Fact or Fiction?

The imploding of the CBS miniseries "The Reagans (search)," which was pulled off the network Tuesday amid charges of inaccuracy, has raised larger questions about creative ethics and artistic license.

Some are calling the network's decision to move the controversial two-part series to Showtime (search) a victory for decency, while others say it smacks of censorship.

"It’s a great day for grassroots Americans who said 'CBS went too far. We want none of this,'" Mike Paranzino, founder of boycottcbs.com (search), told Fox News.

Meanwhile, Ellis Henican, also on Fox News, countered: "Let’s don’t be in the censorship corner. We should tell CBS to toughen up."

When making a film based on a real person, it's impossible to use exact dialogue or to accurately re-create a secret meeting, so the questions are: How much artistic license should filmmakers employ; how clear should they be about a film's fictional elements; and how sensitive do they need to be to the legacy and feelings of their subject?

Neal Gabler, author of "Life the Movie," said quality is more important than exact historical facts.

“The issue is, is it good, is it art, does it say anything about [the] human condition?" he said. "Historical accuracy is very important for news and for documentary, but is not important for these kind of things.”

But others point out programs based on real figures may mislead the public and may unfairly damage the subject's reputation.
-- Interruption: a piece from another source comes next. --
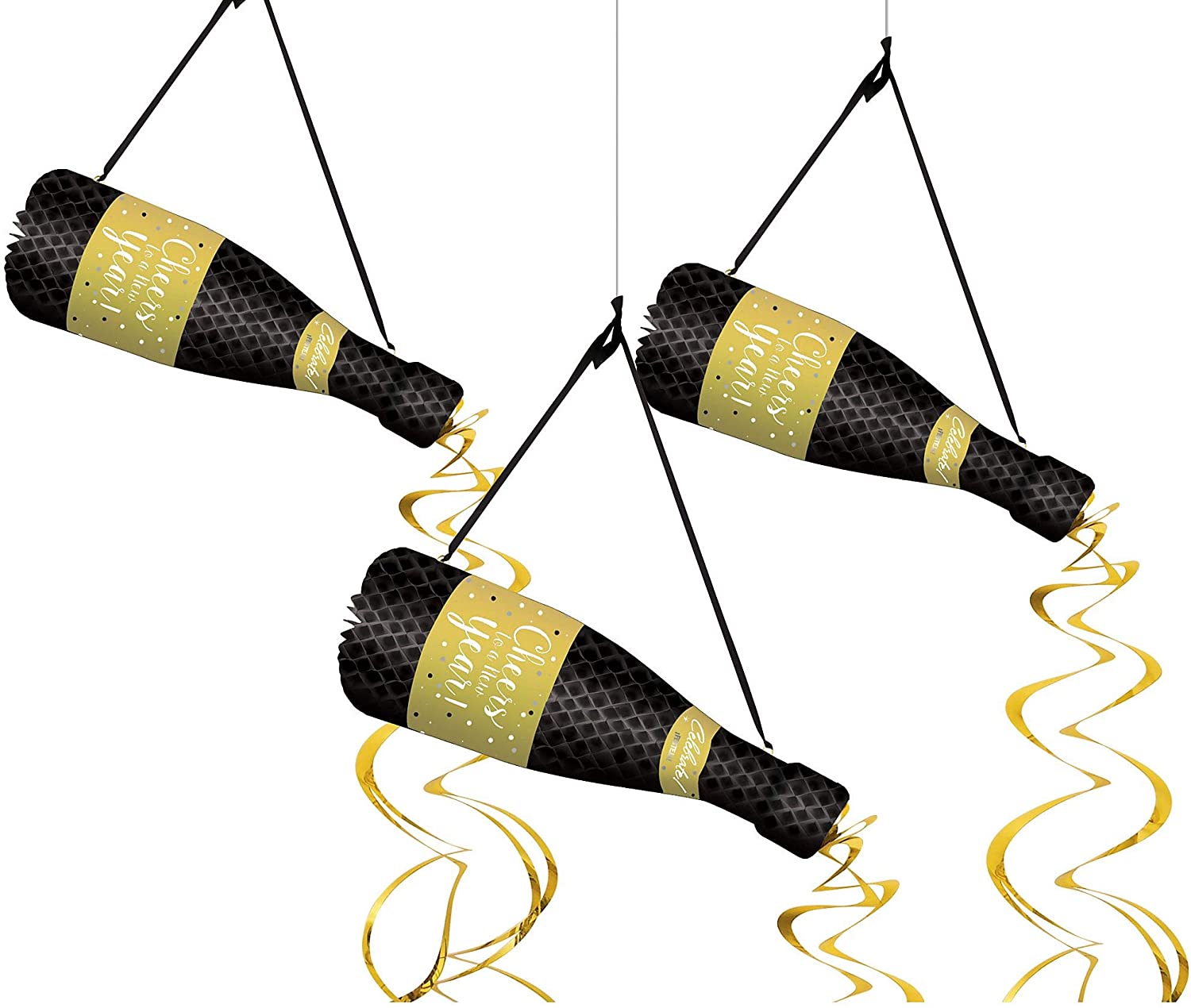 Perfect for your new years Eve celebrations this 3 pc honeycomb hanging decor shaped like champagne bottles is made of paper and foil and hangs 12 …

“We live in a culture today of reality TV," Ed Gillespie, chairman of the Republican National Committee, said in a conference call on Friday. "Lines between fact and fiction get blurred. I am concerned that its portrayal of our 40th president and his wife is not historically accurate."

In fact, Gillespie said reviews for historical accuracy should be routine when portraying a president's career or legacy.

"I would make the same case about a portrayal of the Kennedy administration or the Carter administration," he said.

But Gabler said it's not filmmakers' responsibility to teach viewers.

"If we get our history from these things, it’s our problem, it’s a problem of an incurious society that it gets its history from a TV movie," he said. "If you are really interested in historical record of the Reagans, there are plenty of places to get it."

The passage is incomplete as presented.